You could always place a sheet of glass on the aluminum table, that is how mine is setup. 

The glass is held on by old black metal paper clips.

Glass transfers the heat from the aluminum table fairly well.

I have seen some articles that recommend borosilicate glass, but I have not tried it. 

If you do use glass just go easy on the hairspray, too much and the part can be extremely hard to remove. BE CAREFUL!


----------



## wvgca (Jan 21, 2013)

a tempered glass plate to fit is not cheap .... 220mm square, with out clips, was $28 US, and there were only three suppliers of that size , all in china ..
a quarter of the printer cost, can't justify it at this time, going to stick with tape, lol


i was surprised at cost, and reduced availabilty ...


----------



## leadsled (Dec 25, 2014)

I bought a replacement window pane for about 5 bucks from Home Depot, been using it for about 4 months.

or you can get some cut at Lowes or Home Depot to fit your table exactly, should be less than $10.


----------



## leadsled (Dec 25, 2014)

https://www.amazon.com/Binder-Clips-Paper-Paper-120-Assorted/dp/B0794VN392/ref=sr_1_10?keywords=paper+clips&qid=1549766148&s=gateway&sr=8-10


Those are the clips I was referring to. I tried to find the glass on Home Depot and Lowes site but they dont seem to have the small panes listed.


----------



## zerodameaon (Mar 10, 2018)

You all should try PEI sheets if you are printing just ABS/PLA based filaments. I just give a wipe down with alcohol every few prints and a light 1000 grit sanding every few weeks and I never have adhesion issues. If I have warping issues with ABS its because my basement is too cold and it always rips layers apart up high, but never pulls the print off the bed. 

A putty knife works great to pop the prints off the bed but it is possible that the print sticks really well and its a pain to get off. 

PETG is not compatible with PEI unless you do something to lower the adhesion like glue sticks.


----------



## Shdwdrgn (Dec 23, 2014)

Sorry for dropping out, I must have missed the notification of new messages...

I think what I have is the borosilicate glass? It has a coating on one side that feels rubbery, and the back side is plain glass. Whatever that coating it, prints stick to it really well. I wipe it down with 91% iso after every few prints, and I'm printing test cubes of only 10mm square without a brim to hold them in place, so I'm pretty happy with that. The printer we have at work uses a PEI bed, and we almost never clean it, but prints stick just fine without adding anything.
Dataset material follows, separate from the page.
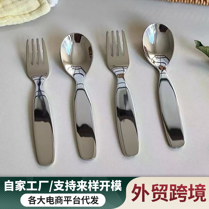 不锈钢加厚宽柄叉勺圆嘟嘟甜品勺家用宝宝米饭勺水果叉儿童勺套装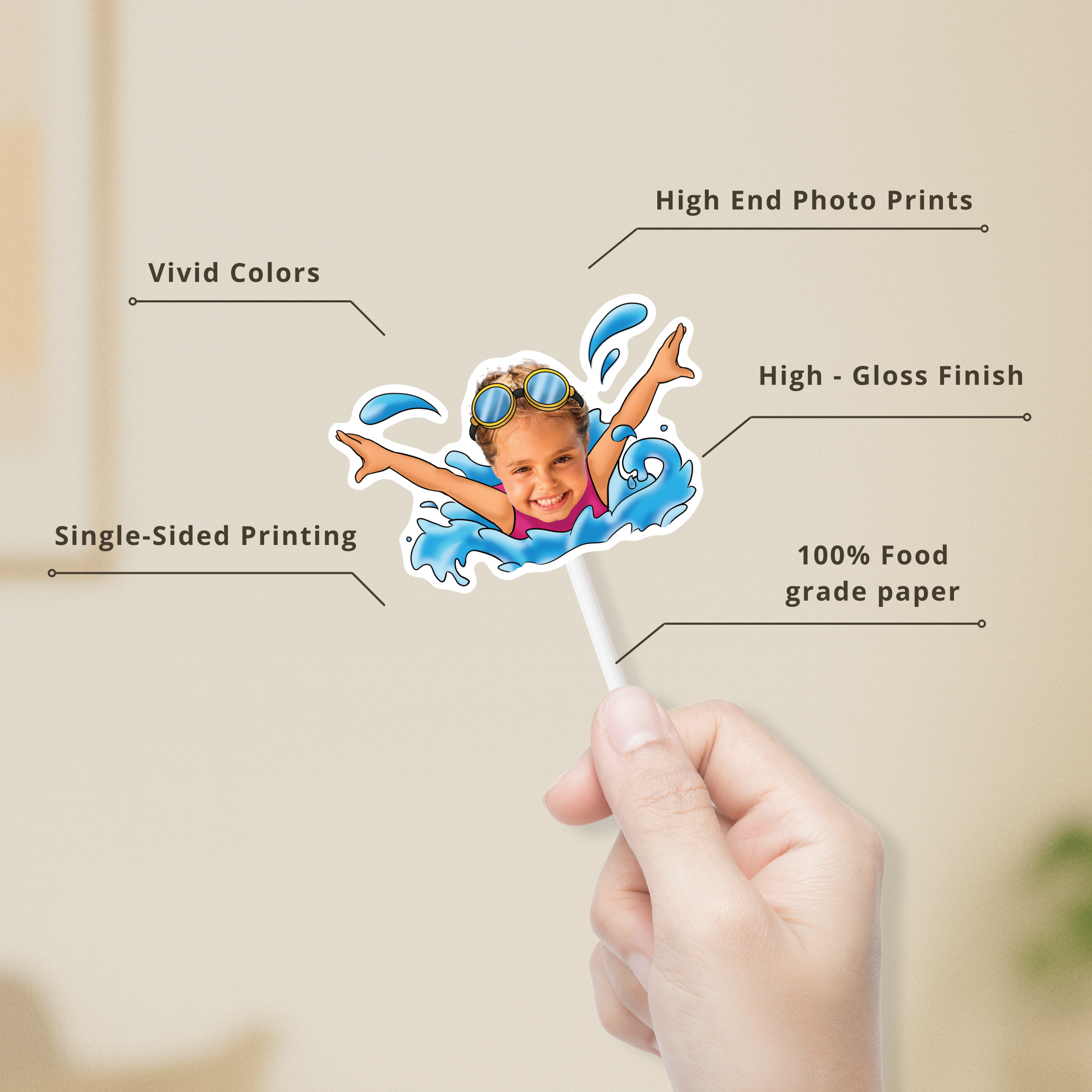 Make a splash at your celebration with our Swimmer Cupcake Toppers! Perfect for a swimming-themed party, graduation, or even a retirement celebration for a dedicated swimmer, these toppers add a personalized and aquatic touch to your cupcakes.

Regarding Octoprint... You can use Cura, Slic3r, or any other slicing program you want to use. That part doesn't really matter. Basically the idea is that the raspberry pi is dedicated to ONLY handling the print job, so it frees up your desktop PC (if that is a concern). So my normal work flow is to load the model in Cura (because that's what I use), prep my settings, then instead of sending it to the printer the job is sent to octoprint over wifi (thus allowing the printer to be set up in another room from the desktop computer). Cura still monitors the print job just like if it was plugged directly into the printer, but octoprint also provides several options for monitoring or even editing your job on the fly.

I saw something really funny the other day. Someone wanted to start a print job remotely but they hadn't removed the last job from the bed yet. So using the camera and tools in octoprint, they moved the print head around to knock the previous job off of the bed, and then were able to start the new print job. Not something I would have ever thought of, but having remote control does provide some unique abilities.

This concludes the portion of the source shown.